Look at domesticated animals — pets — and how their inability to fend for themselves has rendered them largely obese, lazy, dependent, and less curious. In this sense: are humans becoming domesticated by technology?
It’s quite clear that animals have co-evolved with people, in the same way that plants have co-evolved with people. For example, cats have done very well by domesticating themselves into our households and I’m not sure if this has made cats obese or lazier or dependent or less curious. They’ve just adapted evolutionarily and there are many more cats as a consequence.But humans have become less healthier in the last 50 years because we have become disconnected from physical activity and this a consequence of the greater use of the car, the busyness in our lives that prevents us from exercising, the incentives of the food companies to satisfy our cravings for fats and sugars. And we have become dependent on industrial agriculture and addicted to some of the relatively poisonous food that it produces.
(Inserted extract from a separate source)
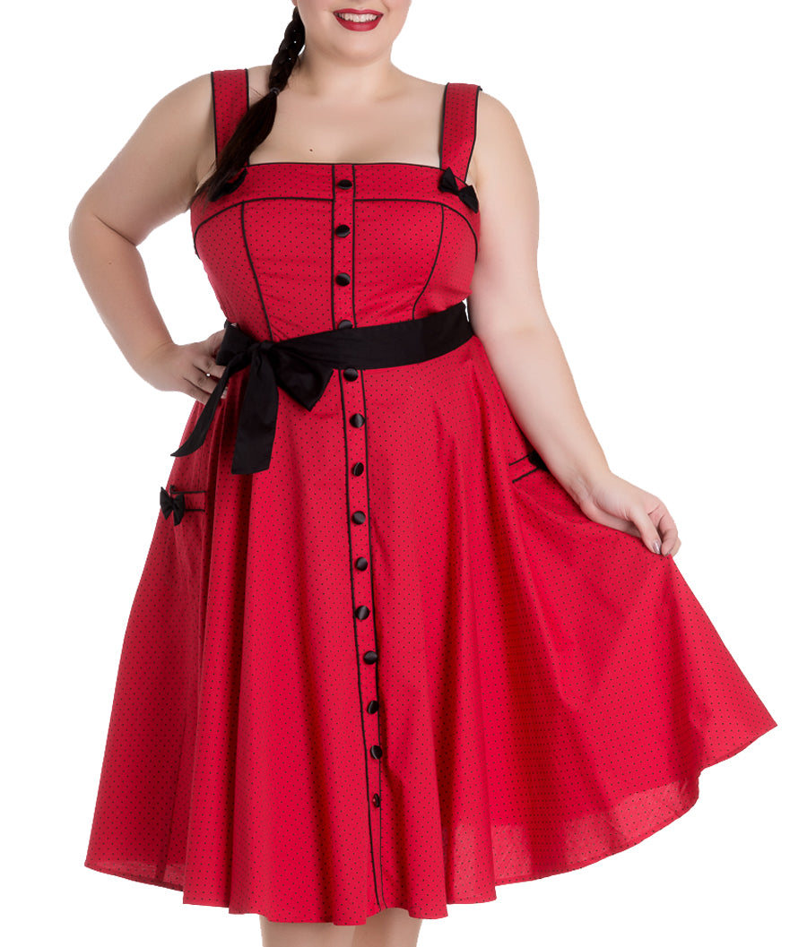 Hell Bunny MARTIE 50s Polka Dots PUNKTE Button KLEID Rot Plus Size

So, I think it’s industrial agriculture and industrial agricultural technology that has done the most harm to our health and that’s the kind of thing that the local food movement can reverse and I think there’s a strong movement in the world towards more local sources of food and to eating healthier food.I think our curiosity is being raised by technology in opposition to what the question implies - that the Internet allows us to be curious and to learn about things. I can pull up questions and answers on my cell phone. Are we more dependent on technology? We’ve been dependent on technology for a long time, for if it wasn’t for agriculture, we’d be still hunters and gatherers, most of us wouldn’t be here. Are we lazy? I see people working very hard. So, the single most important thing we can do is probably to relax and be a little less engaged to work and to eat better by buying more local sourced food.